Lifespan: Possibly immortal
Habitat: Freshwater, temperate and tropical region
Class: Hydrozoa
Other names: regeneration

Hydraphoto source: Quatr.us

Hydras are seen to have regenerated themselves through cloning or duplication. Because of this, scientists observed that hydras don’t grow old. With a soft body, they are like jellyfish.

If ever hydras are cut, each half would then regenerate and form a new hydra. Hydras are known to be sedentary, meaning, they don’t move too much. They retract when attacked or threatened.

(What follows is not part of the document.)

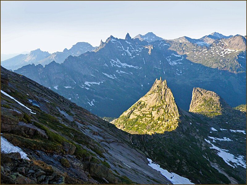 Накупавшись вволю в тёплом Радужном, мы пошли к голове Спящего Саяна. Перевал проходит через его затылок. Отсюда открывается вид на скалы Каменного Замка и Черепахи, а по другую сторону тянется крутая стена хребта Тайгиш. Над ней виднеются макушки самых высоких пиков: Зуб Дракона, Звёздный и Птица. Забравшись через час на перевал Тайгиш, мы оценили полностью всю панораму. Словно каменное море бушевало тут недавно. Ветром неслыханной силы вздыбило исполинские волны. И застыли они в мгновенье. Собственно, примерно так и было на самом деле. Много миллионов лет назад расплавленная магма под напором поднялась из недр земных и затопила полости в толще осадочных пород. В течение долгих веков ветрами и дождями мягкие породы размыло, а твёрдые остались в виде этих живописных утесов. Самый высокий и остроконечный пик – Звёздный. Словно ракета взлетает в небо, протыкая рыхлые тучи уверенным острием. Левый край Зуба Дракона словно по линейке вычерчен, до того ровная линия. Зато правым краем резко обрывается в бездонную пропасть. Пик Птица получил такое название не случайно: действительно, нахохлилась пернатая, и птенец рядом. На тёмном фоне выделяются небольшие пики Толстый и Тонкий Братья, а между ними пролегла знаменитая Парабола. Тут уж точно без лекала не обошлось. Картина остроконечных пиков и огромных гладких стен настолько фантастична, что дыхание перехватывает. Наша дружная пятёрка стонет от восхищения. Стремительно наползают коричневые рваные тучи. Быстро темнеет.

When there is plenty of food, hydras can reproduce themselves without the help of any partner. They can simply duplicate themselves by budding a new hydra.

Did You Know?

Hydra doesn’t have any true brain structure. It doesn’t have any true muscles as well. The hydra is considered to thrive with its nerve net nervous system, which consists of interconnected neurons that serve as its brain.

1. Turritopsis dohrnii

Lifespan: Possibly immortal
Habitat: tropical to temperate waters (worldwide)
Class: Hydrozoa
Other names: Immortal jellyfish

photo source: YourPetyourLove

The Turritopsis dohrnii has the oldest animal lifespan in the world. Because of its bizarre ability to go back to its “baby” state, it can theoretically live forever.

Looking at Turritopsis dohrnii, you’ll notice how small it is. It can only grow up to 4.5 mm in length and width. The adult bell-shaped jellyfish can grow up to 90 tentacles.

Did You Know?

The Turritopsis dohrnii is believed to have started living in the Pacific. However, it has migrated throughout the world’s oceans. As long as the water is warm enough for them to live, they are there.

Thankfully, their species invasions didn’t cause any ecological or economic negative effects. Because they are significantly small, their spread wasn’t noticeable.